Doesn’t time seem to evaporate during December? One moment you are ahead and the next lagging behind. I am definitely behind. Most of our Christmas decorations are stored in the loft and as yet we have not brought them down but during the last week I have been slowly decorating parts of the house with posies of Christmas foliage and flowers and a very few special decorations that I keep in a box downstairs. But I am loving the minimality and I might not bring down the rest of the decor at all. Well I did say I was going for a simpler Christmas.

Christmas would not be Christmas though without an appearance from my knitted Christmas pudding tea cosy, my red china cup and plate and the handmade robin print napkins designed by my daughter and kept in an old Christmas tin from Crabtree and Evelyn.

In the last few days I have been making a few gifts. Starting with the chocolates. I always take a tray full round with me to our neighbours get together – they positively drool with delight; they are rather more…ish.



Once the dark and milk chocolate are combined in a swirl I throw in handfuls of Christmas delights such as nuts, raisins and glace cherries in one half and pieces of fudge, honeycomb and glace ginger in the other.

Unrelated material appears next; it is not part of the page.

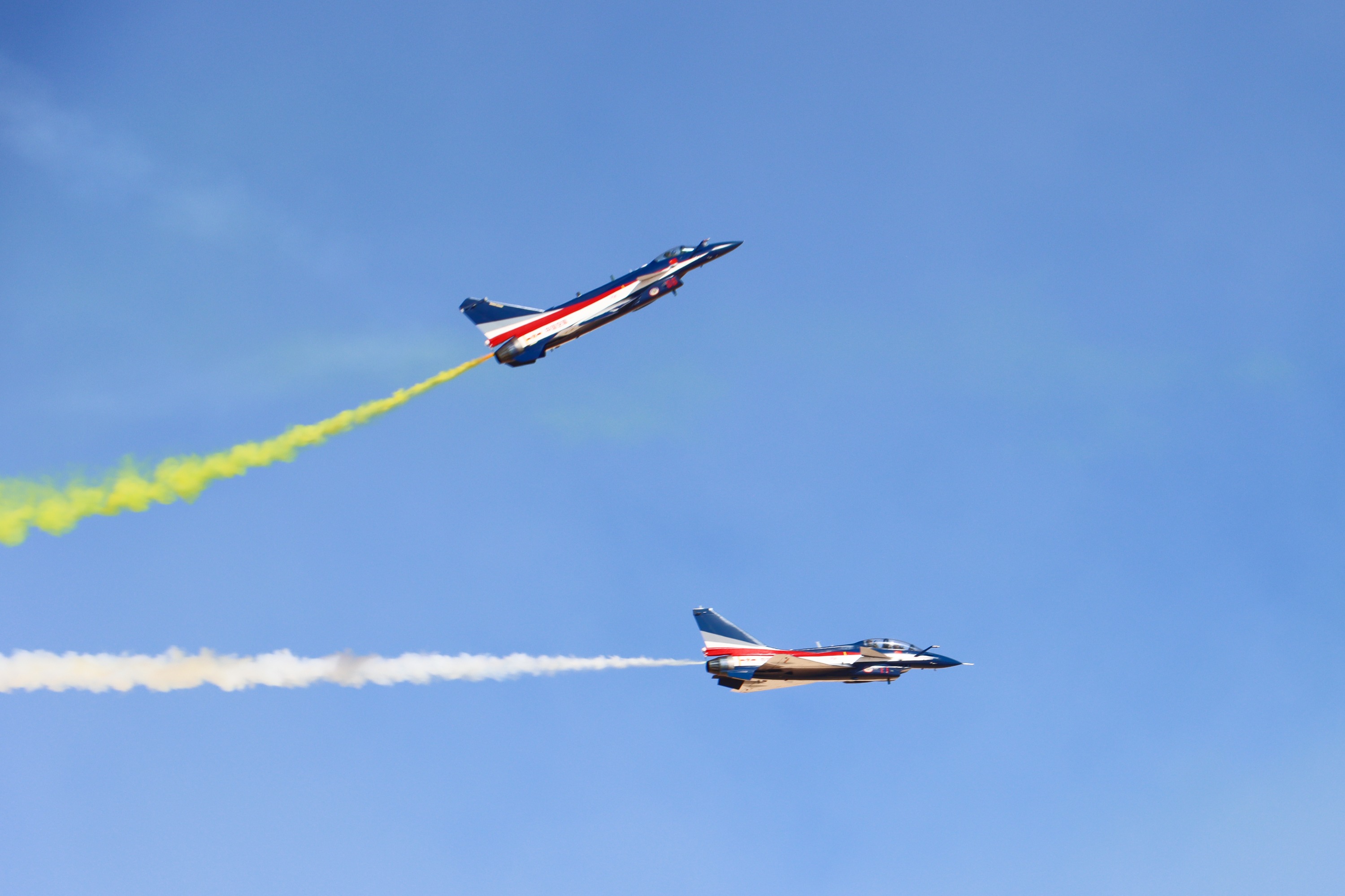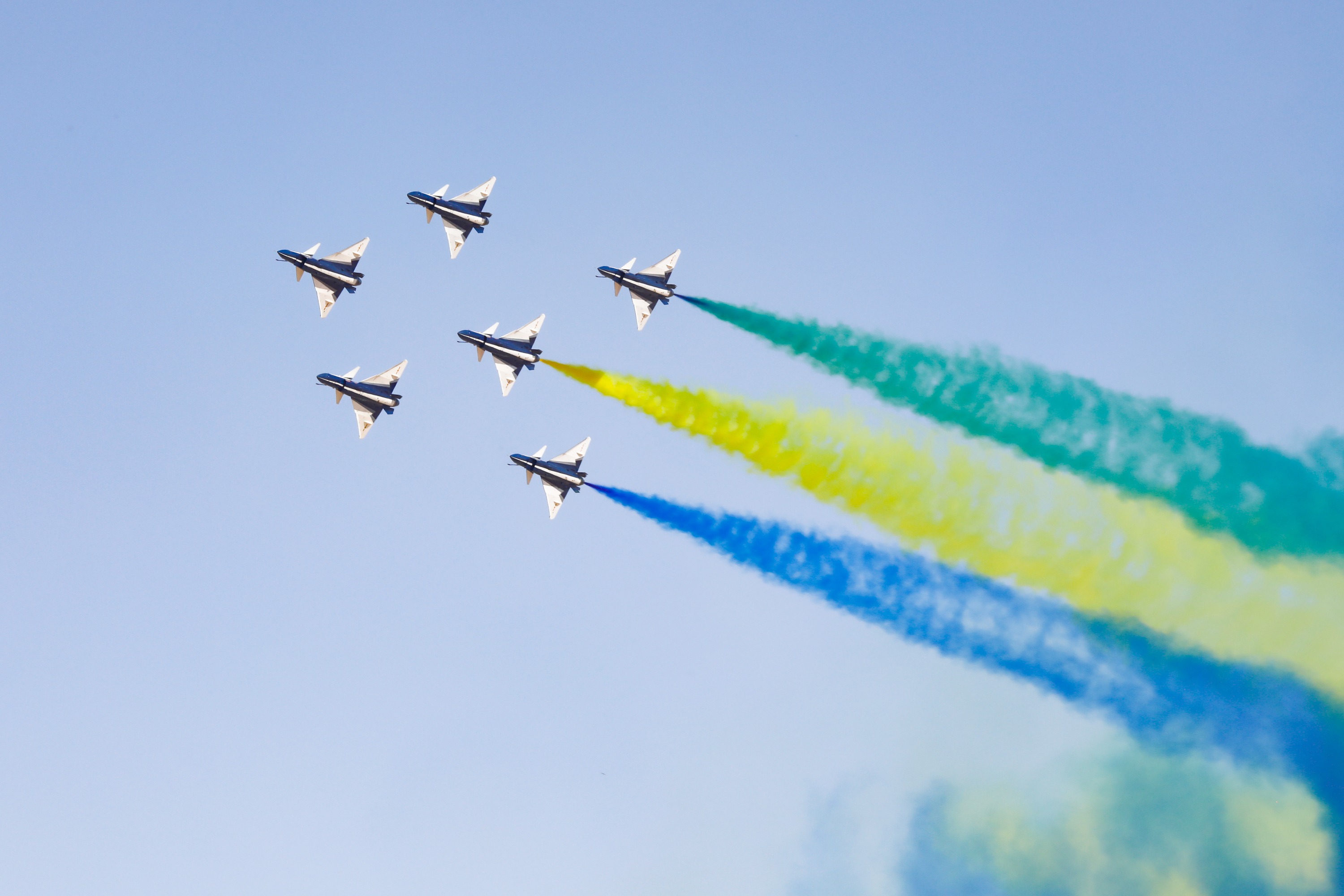 一架架表演机时而盘旋、时而俯冲,队形转换灵活自如。六机分组开花、四机垂直开花等数十个高难度动作轮番上演,动作衔接紧凑、队形整齐壮观,力量与速度的极限碰撞,技术与艺术的完美协调,展现出飞行员对飞机边界性能的超强掌控能力以及战机优异机动性能。

Anything goes. Sprinkle on a few tiny Christmas sugar beads, stars or meringues and decoratively lace all over with melted white chocolate. Leave to set and cut into small squares.

Any left over chocolate can be made into lollypops and decorated.


I made enough chocolates to give a box to a dear friend of mine together with the table decoration of hypericum berries, eucalyptus, euonymus and tiny cream roses arranged in……you guessed it one of those vintage style plant pots!
We have also been on a shopping frenzy – well it felt like it for us – we had one or two gifts to buy for the grandchildren and some temporary flooring for the pantry.
We have been particularly mindful this year with presents to buy items that are as ecologically sustainable as possible or make little impact on the environment. The grandchildren have got mostly wooden toys – the two babies have a little trike each and a smaller educational toy, they are far more expensive than plastic but are so much nicer. Little L has a new leotard (knitted cotton jersey) and ballet shoes (leather) for when she returns to her classes in January and my friends will receive the table decorations and either chocolates or florentines. So minimal plastic in any of our gifts.
I have bought one or two new decorations that again are wooden or of natural materials like hessian and pine cones. I did relent though and buy the little LED pink glittery stars which are £3 from The Works.
The cards and newsletters are all written and posted but I do need to deliver a few now and make arrangements to go and see my old work colleagues one day this week.
There still seems to be a lot on my list to do – lemon curd for the girls (can’t disappoint them), a cot duvet cover for Sweetie, the Christmas cake (yes you did read that correctly) and the mince pies. So it is a week of making and baking again – I had better get a move on.